= National College of Agricultural Engineering =

Former college in Bedfordshire, England

The National College of Agricultural Engineering was opened in 1962. It was closed as a separate entity at the end of 2007 and the land sold for housing.

==Foundation==

NCAE logo

In February 1959, the Minister of Education of the United Kingdom announced to the House of Commons that a new National College devoted to agriculture was to be established to provide a national centre for the agricultural engineering industry which would also attract overseas students. The National College of Agricultural Engineering as it was initially known began at Silsoe in Bedfordshire, England.

In September 1962, the first cohort of 20 undergraduate students began their studies at Boreham House near Chelmsford in Essex.
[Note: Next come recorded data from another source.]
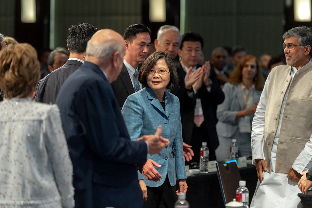 蔡英文提到,諾貝爾和平獎得主沙提雅提(Kailash Satyarthi),在獲獎的時候曾經提到,「在追求世界進步的道路上,世界上沒有任何人應該被拋在後方。」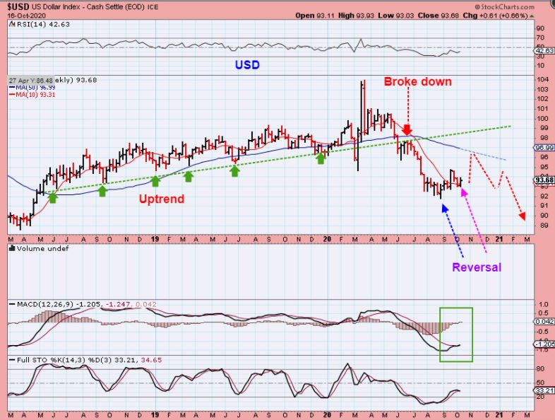 USD WEEKLY #2 – It makes sense that the USD would put in a dcl now and Golds bounce would top now.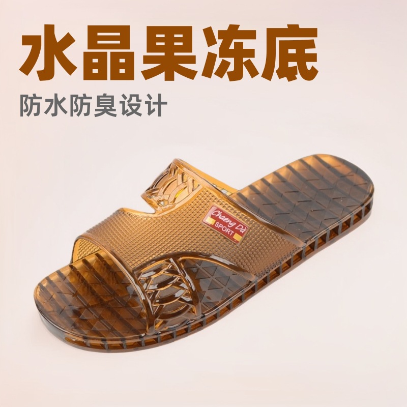水晶拖鞋男款防水防臭浴室洗澡外穿透明果冻底塑胶一字拖浴室外穿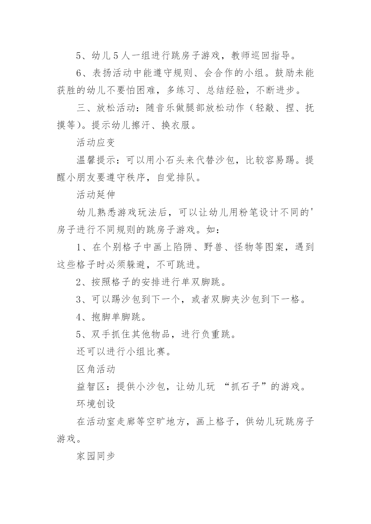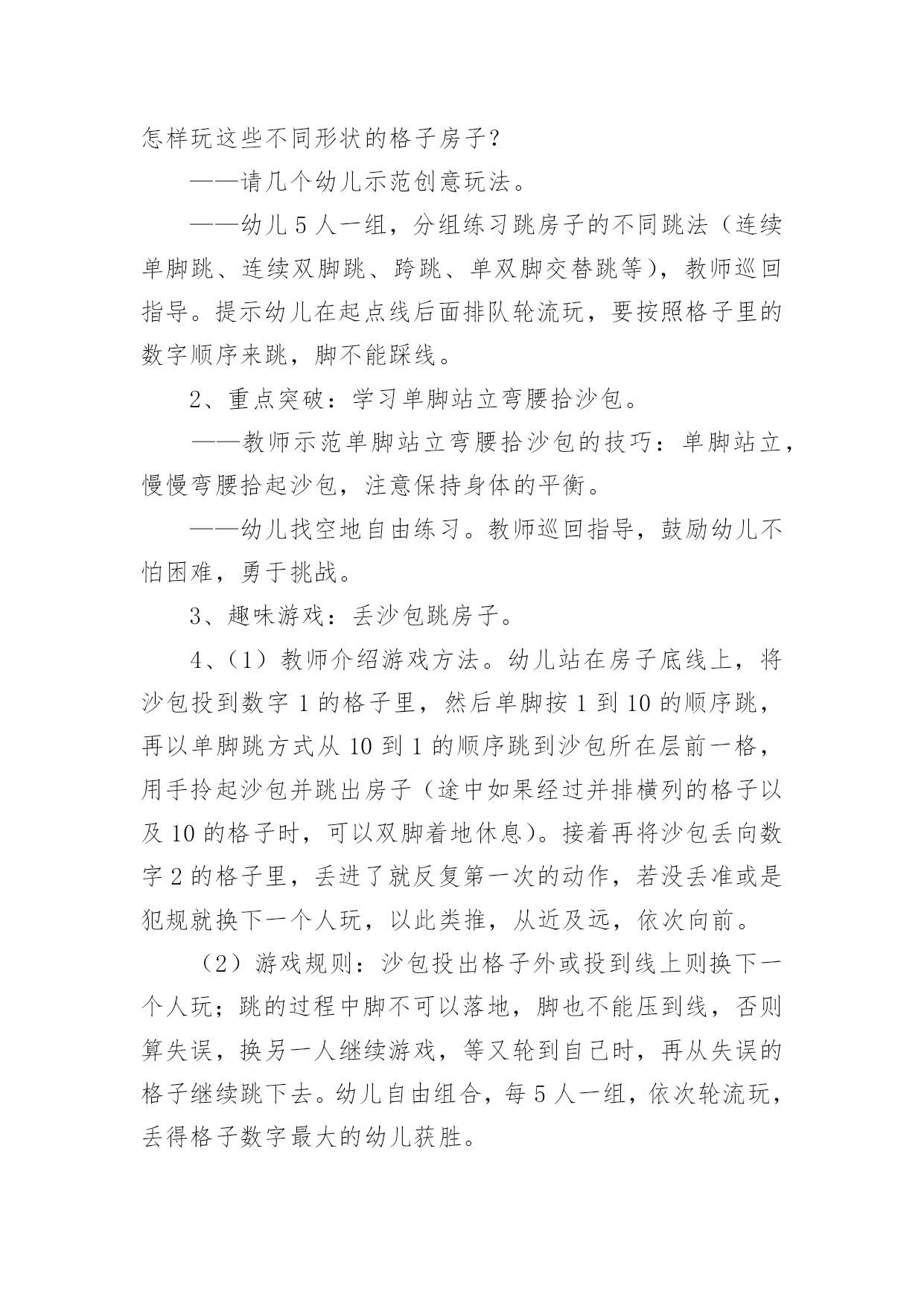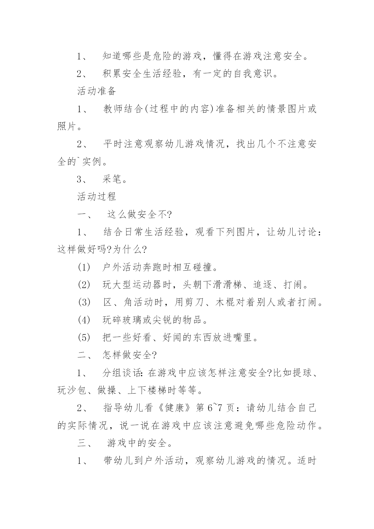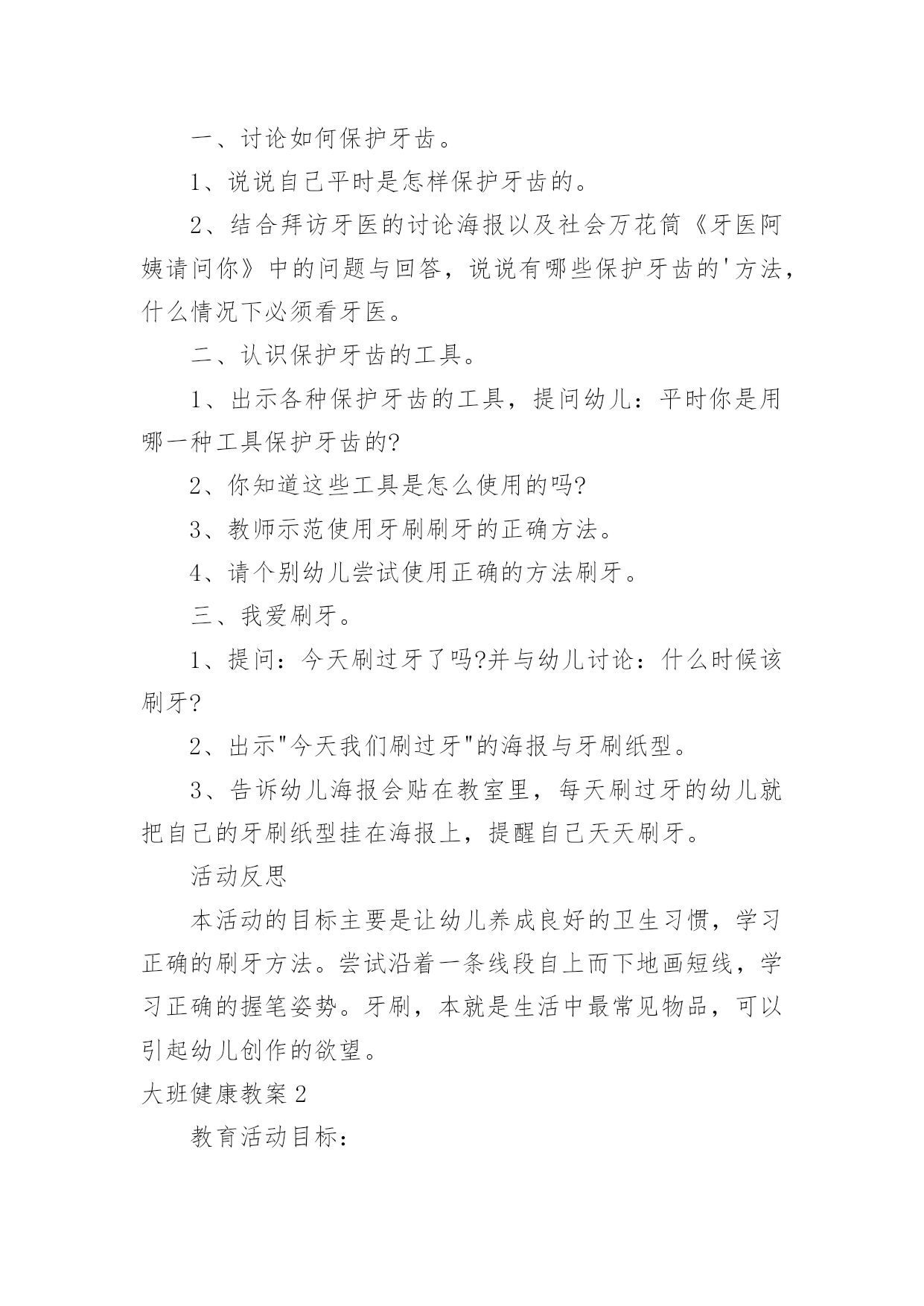 大班健康教案大班健康教案在教学工作者开展教学活动前,通常会被要求编写教案,编写教案助于积累教学经验,不断提高教学质量。那么问题来了,教案应该怎么写?以下是小编精心整理的大班健康教案,希望能够帮助到大家。大班健康教案1活动目标1、知道天天刷牙是保护牙齿的好方法。2、认识保护牙齿的工具和使用方法。3、学习养成天天刷牙的好习惯。4、初步养成良好的卫生习惯。5、了解主要症状,懂得预防和治疗的自我保护意识。活动准备1、"社会万花筒":《牙医阿姨请问你》。2、学习单:《护牙行动》。3、参观牙医的海报,海报:"今天我们刷过牙"及牙刷纸型。4、保护牙齿的相关工具,如牙刷、牙线、漱口杯和水等。活动过程一、讨论如何保护牙齿。1、说说自己平时是怎样保护牙齿的。2、结合拜访牙医的讨论海报以及社会万花筒《牙医阿姨请问你》中的问题与回答,说说有哪些保护牙齿的'方法,什么情况下必须看牙医。二、认识保护牙齿的工具。1、出示各种保护牙齿的工具,提问幼儿:平时你是用哪一种工具保护牙齿的?2、你知道这些工具是怎么使用的吗?3、教师示范使用牙刷刷牙的正确方法。4、请个别幼儿尝试使用正确的方法刷牙。三、我爱刷牙。1、提问:今天刷过牙了吗?并与幼儿讨论:什么时候该刷牙?2、出示"今天我们刷过牙"的海报与牙刷纸型。3、告诉幼儿海报会贴在教室里,每天刷过牙的幼儿就把自己的牙刷纸型挂在海报上,提醒自己天天刷牙。活动反思本活动的目标主要是让幼儿养成良好的卫生习惯,学习正确的刷牙方法。尝试沿着一条线段自上而下地画短线,学习正确的握笔姿势。牙刷,本就是生活中最常见物品,可以引起幼儿创作的欲望。大班健康教案2教育活动目标:1、知道哪些是危险的游戏,懂得在游戏注意安全。2、积累安全生活经验,有一定的自我意识。活动准备1、教师结合(过程中的内容)准备相关的情景图片或照片。2、平时注意观察幼儿游戏情况,找出几个不注意安全的`实例。3、采笔。活动过程一、这么做安全不?1、结合日常生活经验,观看下列图片,让幼儿讨论:这样做好吗?为什么?(1)户外活动奔跑时相互碰撞。(2)玩大型运动器时,头朝下滑滑梯、追逐、打闹。(3)区、角活动时,用剪刀、木棍对着别人或者打闹。(4)玩碎玻璃或尖锐的物品。(5)把一些好看、好闻的东西放进嘴里。二、怎样做安全?1、分组谈话:在游戏中应该怎样注意安全?比如提球、玩沙包、做操、上下楼梯时等等。2、指导幼儿看《健康》第6~7页:请幼儿结合自己的实际情况,说一说在游戏中应该注意避免哪些危险动作。三、游戏中的安全。1、带幼儿到户外活动,观察幼儿游戏的情况。适时引导幼儿注意在游戏中的安全。2、说说自己或小伙伴在游戏中谁最注意安全。大班健康教案3活动目标1、学习跳房子的玩法,感受民间游戏“跳房子”的乐趣。2、尝试跳格子的多种跳法,学习单脚站立弯腰拾沙包,发展腿部肌肉力量。3、能遵守跳房子时不踩线、排队轮流玩等游戏规则。活动准备1、录音机、音乐。2、沙包每人一个。3、用粉笔在空地上画好7个不同形状的格子房子(房子里的格子组合可自由设计,再由近至远依序写上数字),并在距离第一格适当位置处,画一条线作为起点线。活动过程一、热身活动。——跟着音乐做列队练习,列队完毕做热身操。(脚腕、下肢、手臂等运动)——用沙包随音乐做各种动作:头顶沙包掂脚尖走、弯腰驼沙包走、膝盖夹沙包跳、沙包放地上单脚跳过沙包等等。二、学习“跳房子”的游戏1、自主探索:尝试跳格子的多种跳法。——师:小朋友,场地上画有格子房子,请你们想一想,怎样玩这些不同形状的格子房子?——请几个幼儿示范创意玩法。——幼儿5人一组,分组练习跳房子的不同跳法(连续单脚跳、连续双脚跳、跨跳、单双脚交替跳等),教师巡回指导。提示幼儿在起点线后面排队轮流玩,要按照格子里的数字顺序来跳,脚不能踩线。2、重点突破:学习单脚站立弯腰拾沙包。——教师示范单脚站立弯腰拾沙包的技巧:单脚站立,慢慢弯腰拾起沙包,注意保持身体的平衡。——幼儿找空地自由练习。教师巡回指导,鼓励幼儿不怕困难,勇于挑战。3、趣味游戏:丢沙包跳房子。4、(1)教师介绍游戏方法。幼儿站在房子底线上,将沙包投到数字1的格子里,然后单脚按1到10的顺序跳,再以单脚跳方式从10到1的顺序跳到沙包所在层前一格,用手拎起沙包并跳出房子(途中如果经过并排横列的格子以及10的格子时,可以双脚着地休息)。接着再将沙包丢向数字2的格子里,丢进了就反复第一次的动作,若没丢准或是犯规就换下一个人玩,以此类推,从近及远,依次向前。(2)游戏规则:沙包投出格子外或投到线上则换下一个人玩;跳的过程中脚不可以落地,脚也不能压到线,否则算失误,换另一人继续游戏,等又轮到自己时,再从失误的格子继续跳下去。幼儿自由组合,每5人一组,依次轮流玩,丢得格子数字最大的幼儿获胜。5、幼儿5人一组进行跳房子游戏,教师巡回指

The move to the more permanent home at Silsoe was in 1963. In 1964 the first 15 postgraduate students joined from nine countries.

==Merger==
The Department of Education and Science and the Department for Education and Skills, as it became, decided that the college should merge with a larger organisation and in December 1975 decided that it should become a part of the then Cranfield Institute of Technology, now Cranfield University. At the time there were 122 undergraduates and 100 postgraduates. The name was changed to Silsoe College in 1983. Shuttleworth College joined in 1988 with the Shuttleworth programmes being relocated to Silsoe in 1996. In 2005, it was announced that academic activities would move to the Cranfield main campus. This was completed by December 2007 with activities becoming part of two new schools: the School of Applied Sciences and Cranfield Health. The college farm was retained as an important outdoor laboratory for teaching and research purposes and the remainder of the Silsoe site was to be sold for redevelopment.
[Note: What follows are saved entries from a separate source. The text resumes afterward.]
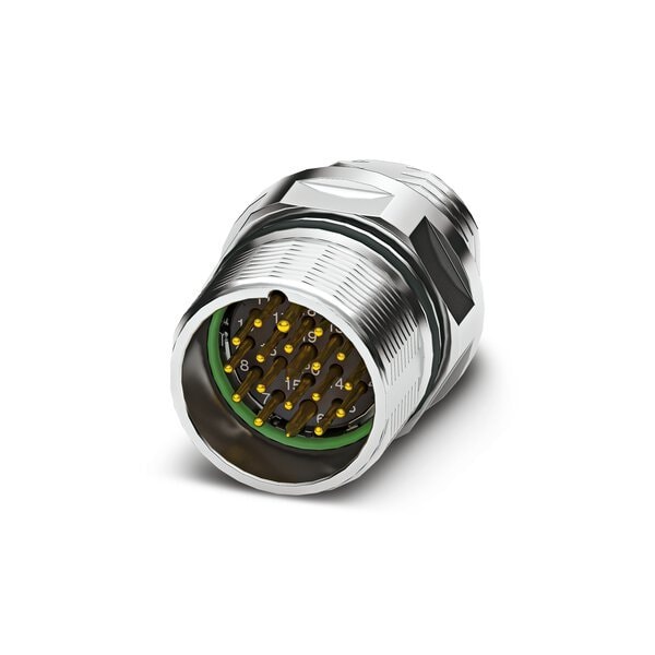 Device connector front mounting CA straight shielded: yes for standard and SPEEDCON interlock M23 No. of pos.: 16+2+PE type of contact: Pin Crimp connection Axial seal Central fastening M20 x 1.5 can be positioned via a locking nut coding:N
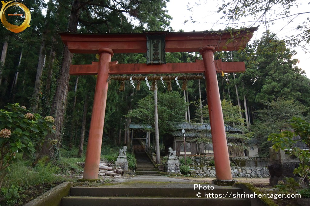 覈録には、「祭神不詳、〔官社考に、伊邪那岐神 伊邪那美神二座と云り、今従はず、〕北中津山村に在す、」とありて、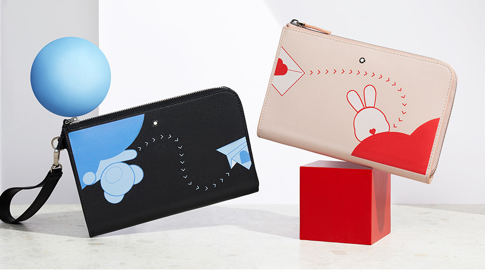 礼盒分别为“为他倾情”及“为她倾心”两个系列,男士款手拿包上有纸飞机和信封图案点缀在万宝龙匠心系列特有的十字纹皮革上,女士款手拿包为粉色甜心兔图案。简洁而生动的图案,表达了萌趣而又长久的甜蜜守候。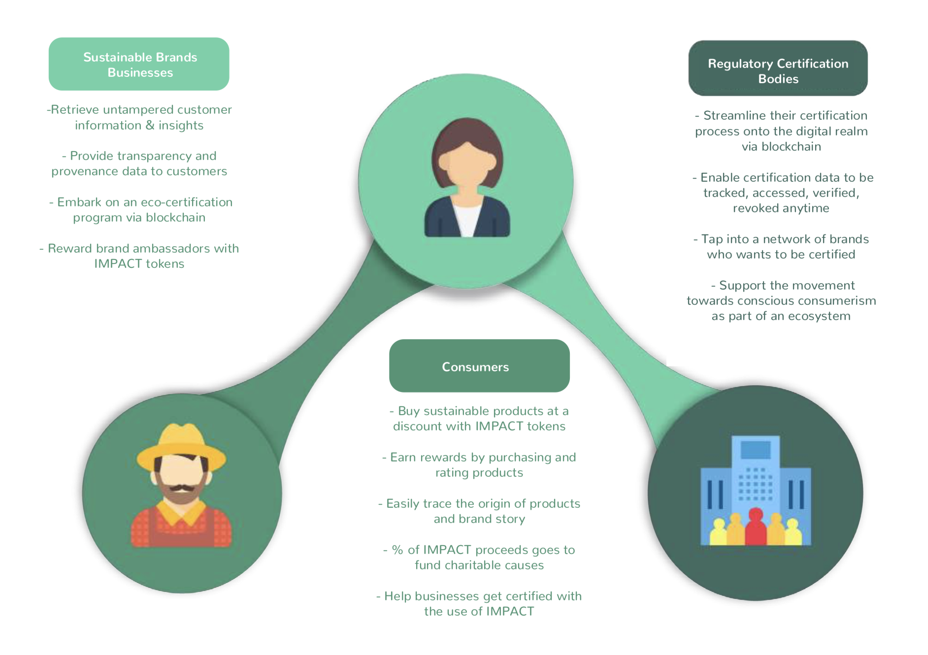 IMPACT is Utility Token, IMPACT is the overarching token used in the ecosystem to promote authentic and informed transactions between businesses and consumers. It is utilized for the administration of the rating system and also as the unit of account for all economic transactions within the ecosystem. Each stakeholder in the ecosystem is incentivized to utilize the token.

==Soil Survey and Land Research Centre==
The former 'Soil Survey of England and Wales' (SSEW) that had commenced in 1939 in Bangor University, and then been transferred to Rothamsted Experimental Station in 1947, was moved to the Silsoe site, joining the college, in 1987. As the survey joined Silsoe, so it changed its name to the 'Soil Survey and Land Research Centre' (SSLRC), led by Professor Peter Bullock. Later Directors were Mike Jarvis and Dick Thompson. Marking a then closer integration with the wider Silsoe College, the organization changed names again in 2002 to the 'National Soil Resources Institute (NSRI), led by Professor Mark Kibblewhite. In 2006, NSRI, along with the rest of the staff and students at Silsoe were moved to the Cranfield University campus in Cranfield, Bedfordshire. Led by Director Dr Thomas Mayr the institute then became part of the formation of the Cranfield Soil and Agrifood Institute (CSAFI) led by Professor Leon Terry.